Sponsored By: Prozac
Time Salvating: three minutes, sixteen seconds.
It's a good thing God mellowed after having a kid, because somebody would be righteously smited over this otherwise.
And so it was that The Writer was the beneficiary of extreme generosity on behalf of The Community. And The Community said unto him, “Go forth, or possibly even third, and write ye reviews of yon games.”
But the writer looked upon the bounty laid before him, and wept. “Oh, what am I to do?” He cried. “Your generosity is too great, and I am overwhelmed. How can I possibly write this many reviews?”
And The Community smiled, and replied, “Just take your time. No rush.”
That is when The Writer knew. “Time!” Said he. “Time is the key to all!”
And so The Writer began to play each game, one hour in its turn. Give or take, that is, depending upon whether he wanted to play that much, for it is written that no iPhone-port shall command more time than a decently problematic bowel movement. (Lavatory 4:27)
And at the end of each hour, The Writer was inspired to write, and was filled with joy. He shared his writings with The Community, who took them kindly and said, “This’ll do.”

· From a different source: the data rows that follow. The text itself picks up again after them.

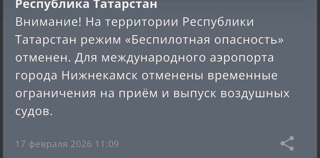 В Республике Татарстан отменили режим «Беспилотная опасность». Он действовал с 09:43. Режим действовал около полутора часов.
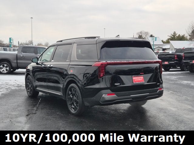 Herrnstein Auto Group is pleased to offer this 2026 Kia Carnival Hybrid SX Prestige in Aurora Black Pearl with Black Leather. This Carnival Hybrid is very well equipped with Rear Seat Entertainment Package (Dual Screen Rear Seat Entertainment System), SX Prestige Seat Package (2nd Row Laminated Windows, Ambient Lighting, and High Glossy Interior Trim), 1.6L I4 DGI Hybrid Turbocharged DOHC 16V LEV3-SULEV30, 12 Speakers, 3rd row seats: split-bench, 4-Wheel Disc Brakes, ABS brakes, Air Conditioning, Alloy wheels, AM/FM radio: SiriusXM, Apple CarPlay & Android Auto, Auto High-beam Headlights, Auto-dimming Rear-View mirror, Automatic temperature control, Brake assist, Bumpers: body-color, Compass, Delay-off headlights, Driver door bin, Driver vanity mirror, Dual front impact airbags, Dual front side impact airbags, Electronic Stability Control, Emergency communication system, Exterior Parking Camera Rear, Four wheel independent suspension, Front anti-roll bar, Front Bucket Seats, Front Center Armrest, Front dual zone A/C, Front fog lights, Front reading lights, Fully automatic headlights, Garage door transmitter: HomeLink, Heads-Up Display, Heated door mirrors, Heated front seats, Heated steering wheel, Illuminated entry, Knee airbag, Leather Seat Trim, Leather Shift Knob, Leather steering wheel, Low tire pressure warning, Luxury Carpeted Floor Mats, Memory seat, Navigation System, Occupant sensing airbag, Outside temperature display, Overhead airbag, Overhead console, Panic alarm, Passenger door bin, Passenger vanity mirror, Power 2nd-Row Moonroof, Power door mirrors, Power driver seat, Power Liftgate, Power moonroof, Power passenger seat, Power steering, Power windows, Rain sensing wipers, Rear air conditioning, Rear anti-roll bar, Rear reading lights, Rear window defroster, Rear window wiper, Reclining 3rd row seat, Remote keyless entry, Security system, Speed control, Speed-sensing steering, Split folding rear seat, Spoiler, Steering wheel mounted audio controls, Tachometer, Telescoping steering wheel, Tilt steering wheel, Traction control, Trip computer, Turn signal indicator mirrors, Variably intermittent wipers, Ventilated front seats, and Wheels: 19 Black D-Cut Customizing. 34/31 City/Highway MPG
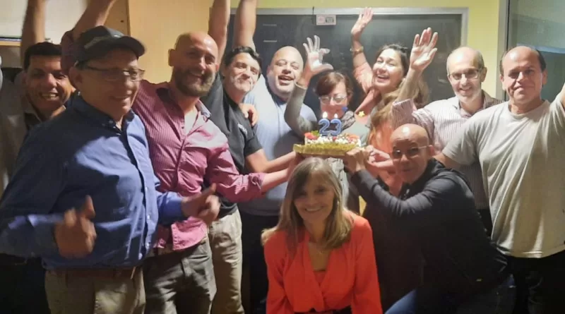 Una parte del equipo de Radio República soplando las velitas por el 23 cumpleaños, el jueves pasado.

Until one day The Writer was presented a dilemma: a game that featured controversial subject matter and was an iPhone port. He was filled with trepidation as he surveyed the choice before him. Would he write a blandly informative review, detailing mechanics and graphics and assessing an arbitrary number to something called “tilt?” Or would he be bold, and attempt to find humor in the premise and execution of the game?

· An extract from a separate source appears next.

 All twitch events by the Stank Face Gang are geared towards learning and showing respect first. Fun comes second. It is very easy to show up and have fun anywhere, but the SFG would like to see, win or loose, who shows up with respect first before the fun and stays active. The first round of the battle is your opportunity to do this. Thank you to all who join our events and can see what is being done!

This choice is one that writers of all stripes must face at some point in their lives, and is no less difficult for being so clichéd. So The Writer sat, looking at the iPad he occasionally wrote with, and pondered. He pondered what was the right thing to do, he pondered what the costs of making the wrong choice would be. Mainly he pondered whether he had enough bottle caps to build a nuclear power plant, or if he should just build and upgrade a standard one.
Inspiration struck him: He would be bold and, hopefully, funny. For, to The Writer, there is no greater sin than to be dull, and a thousand words about an iPhone puzzle game would be nothing if not dull.
So he wrote, assured in his heart that even if the review bombed, he would likely be given a chance next week, and anyway what's life without a few risks?
But what of the game? Well, as it turned out, with all the garment-rending and teeth-gnashing, the Writer forgot to review it.
Such are the vicissitudes of the comedy reviewer.
Thus ends our homily. Please turn to page forty-seven in your hymnal, “A Mighty Boulder Rocks Our Lord.”
Will The Writer turn the other mouse-click?
It's an iOS port of a physics-based puzzle game. I would be hard-pressed to spend more time with it even if the premise of redirecting boulders to kill Roman soldiers in an effort to Save Jesus Christ didn't make me vaguely uncomfortable.
So no, I'm pretty much washing my hands of this game.
Aw geez. I did not just write that, did I? Well, it’s etched in stone now…
Ok, I’m just going to stop.
Is it the Dark Souls of vaguely blasphemous iPhone ports?
Sometimes it seems like this sort of game is designed to be infuriatingly difficult. While I didn't progress far enough into the game to hit that particular wall, I am utterly convinced that it's in there. However, since all physics-based iOS ports are infuriatingly difficult, to be the Dark Souls of its genre it needs to impress me with its malicious disregard for the player’s time. In that light, I'm going to give Save Jesus three Johns out of sixteen.